WHAT IS REQUIRED:
Repeat the following data exactly, omitting pictures.

DATASET SECTION:
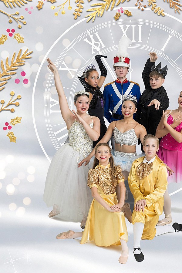 Front: Emery Crooke as Clara and Jayden Dawson as Clara’s brother Fritz. Middle: Gabriella Palmer as Snow Queen, Juliane Carpio as North Star, Amelia Palmer as Dew Drop. Back: Emma Thomas as Mouse Queen, Kelan Halloran as Nutcracker/Prince and Ralph Medley as Mouse King. Photo courtesy of Michael Cairns
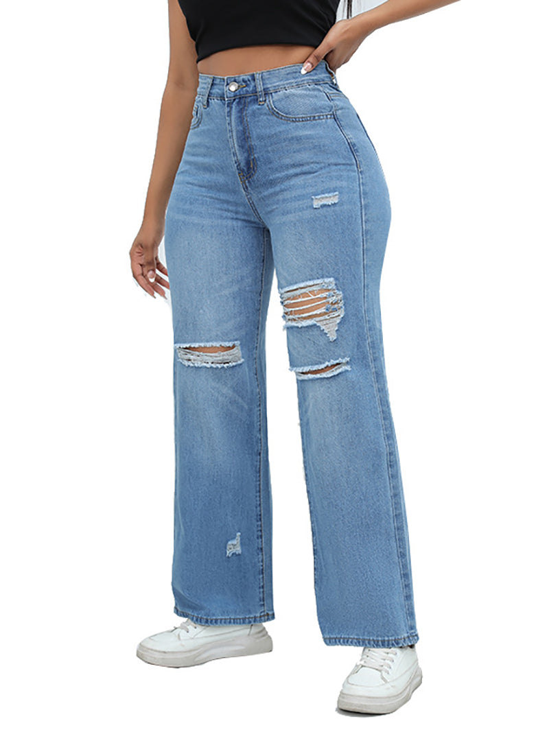 # Casual High Waist Ripped Straight Leg Jeans Elevate your denim collection with these versatile high-waist ripped straight-leg jeans. Featuring a flattering high-rise cut and on-trend distressed detailing, these jeans deliver both style and comfort for everyday wear. The straight-leg silhouette offers a timeless look that pairs effortlessly with any top, making them a wardrobe essential. Perfect for wholesale buyers seeking quality basics that appeal to fashion-conscious customers. Durable construction ensures longevity, while the casual aesthetic makes these jeans ideal for multiple seasons and occasions.
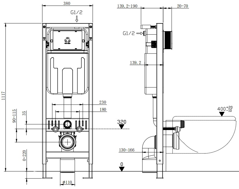 Η δυνατότητα ρύθμισης του ύψους του σκελετού επιτρέπει την καλύτερη προσαρμογή σε διάφορες τεχνικές συνθήκες στο μπάνιο. Η ευέλικτη γκάμα ρυθμίσεων εξασφαλίζει άνετη εγκατάσταση και την επίτευξη της βέλτιστης καμίας ύψους.
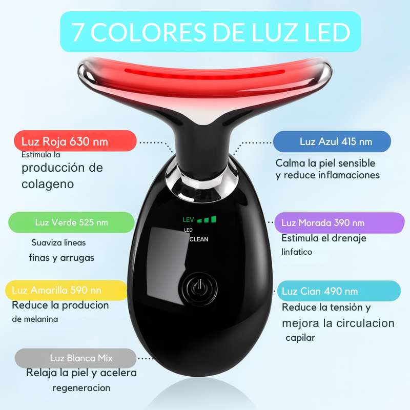 Luz LED de 7 colores para revitalizar y reafirmar la piel |

YOUR RESPONSE:
 Front: Emery Crooke as Clara and Jayden Dawson as Clara’s brother Fritz. Middle: Gabriella Palmer as Snow Queen, Juliane Carpio as North Star, Amelia Palmer as Dew Drop. Back: Emma Thomas as Mouse Queen, Kelan Halloran as Nutcracker/Prince and Ralph Medley as Mouse King. Photo courtesy of Michael Cairns
 # Casual High Waist Ripped Straight Leg Jeans Elevate your denim collection with these versatile high-waist ripped straight-leg jeans. Featuring a flattering high-rise cut and on-trend distressed detailing, these jeans deliver both style and comfort for everyday wear. The straight-leg silhouette offers a timeless look that pairs effortlessly with any top, making them a wardrobe essential. Perfect for wholesale buyers seeking quality basics that appeal to fashion-conscious customers. Durable construction ensures longevity, while the casual aesthetic makes these jeans ideal for multiple seasons and occasions.
 Η δυνατότητα ρύθμισης του ύψους του σκελετού επιτρέπει την καλύτερη προσαρμογή σε διάφορες τεχνικές συνθήκες στο μπάνιο. Η ευέλικτη γκάμα ρυθμίσεων εξασφαλίζει άνετη εγκατάσταση και την επίτευξη της βέλτιστης καμίας ύψους.
 Luz LED de 7 colores para revitalizar y reafirmar la piel |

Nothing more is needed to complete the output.